These apple scones are moist and rich with warm fall spices like allspice, nutmeg, cardamom, and of course, cinnamon. A simple brown sugar streusel is the perfect topping for these tender scones!

Now that we’re in to the second week of November, cozy meals are a must. These apple scones will make your house smell homey and warm while baking.
Any apple should work in this recipe, so go ahead and use your favorite variety or what you have on hand at home. I used a Granny Smith apple, which has a great tartness and firmer texture.

Tips for making perfect scones—
Scones are an important practice in mise en place, which means putting everything in its place before beginning. The act of making the scones is quick; more time is actually spent setting it all up!
- Going ahead and whisking the flour with the sugar, spices, and baking powder will cut down on unnecessary worry.
- Since the butter needs to stay cold, it should be cubed and stowed away in the refrigerator until it’s needed.
- The whole milk needs to be whisked with the egg before adding these liquids to the scone dough. It also needs to be kept cold until use.
- The apple is an extra addition that needs to be prepared beforehand to avoid forgetting it!
- The streusel is also an additional ingredient that isn’t added until the scones are cut, so having it ready to go is necessary.


APPLE STREUSEL SCONES
Makes eight scones
INGREDIENTS
FOR THE SCONES
- 2 3/4 cups (330 g) all-purpose flour
- 1 tablespoon baking powder
- 1/2 teaspoon salt
- 1/4 teaspoon allspice
- 3/4 teaspoon cinnamon
- 1/8 teaspoon cardamom
- 1/4 teaspoon nutmeg
- 1/3 cup (67 g) light brown sugar
- 8 tablespoons (112 g) unsalted butter, cubed and kept cold
- 2/3 cup (85 g) finely chopped apple (a small to medium sized apple)
- 2/3 cup (160 g) whole milk
- 1 large egg, cold
- 1 teaspoon vanilla extract
- whole milk, for brushing
FOR THE STREUSEL
- 1/4 cup plus two tablespoons (45 g) all-purpose flour
- 2 tablespoons (26 g) light brown sugar
- 2 tablespoons (28 g) unsalted butter, cubed and cold
- pinch of salt
- 1/4 teaspoon cinnamon
INSTRUCTIONS
Preheat the oven to 400 F. Whisk together the flour, baking powder, salt, spices, and brown sugar in a large bowl and set aside.

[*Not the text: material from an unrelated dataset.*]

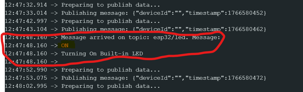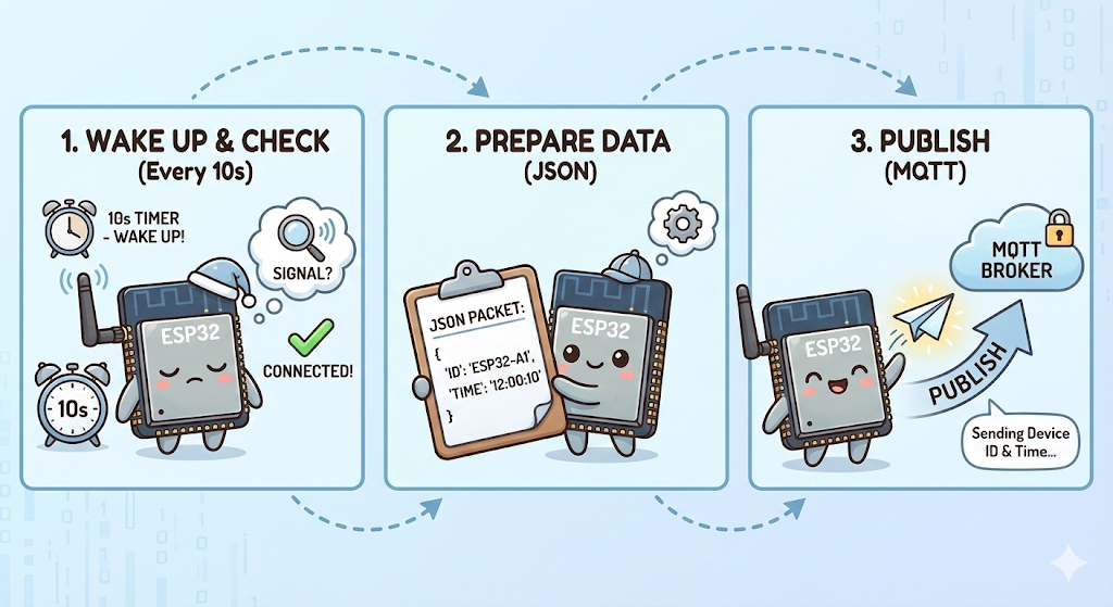 - The Loop (Heartbeat): Every 10 seconds, the device wakes up, checks if the connection is still alive, and publishes a JSON packet containing its Device ID and Current Time.

In a separate bowl or measuring cup, whisk the whole milk, egg, and vanilla together and keep in the refrigerator until ready for use.
Peel the apple and cut into four sections around the core. Lay each section flat and slice thinly, like matchsticks. Cut the sections crosswise the same way. This will create very fine chopped, almost minced, pieces. I like to place the apples in the freezer until they’re added to the scone dough—that way the pieces are nice and cold.
To make the streusel, add the all-purpose flour, brown sugar, cold butter, salt, and cinnamon to a small bowl. Using a fork, work the mixture until it becomes sandy and well distributed. If the butter gets too warm, pop the bowl into the freezer for a few minutes and then continue mixing and tossing. Reserve the streusel in the refrigerator until the scones are cut.
Add the cubed and cold butter to the large mixing bowl, and with a pastry cutter, cut the butter into the scone mixture until the butter is crumb sized. Drizzle in the whole milk mixture and minced apples, folding the dough with a spatula until just combined. Gently bring the dough together so it’s cohesive, and then turn out onto a lightly floured surface. Form a ball, and press and shape into an 8” circle. Cut the dough in eight equal triangles and transfer to a baking sheet lined with a silicone mat.
Brush the tops with whole milk, and sprinkle the streusel the tops. Be generous, there should be plenty of streusel to have a bit of a heavy hand. The streusel can be very lightly pressed to ensure coverage.
Place the baking sheet in the freezer for about 10 minutes, then transfer to the preheated oven and bake for 24-26 minutes or until golden. Let the scones cool on a baking sheet for at least ten minutes before moving to a wire wrack or plate.
These scones can be left in a sealed container for a day; if room temperature, pop them in the microwave for 15 seconds for best taste. If not eaten within a day, go ahead and freeze them. They will taste fresh from frozen after microwaving for about 30 seconds.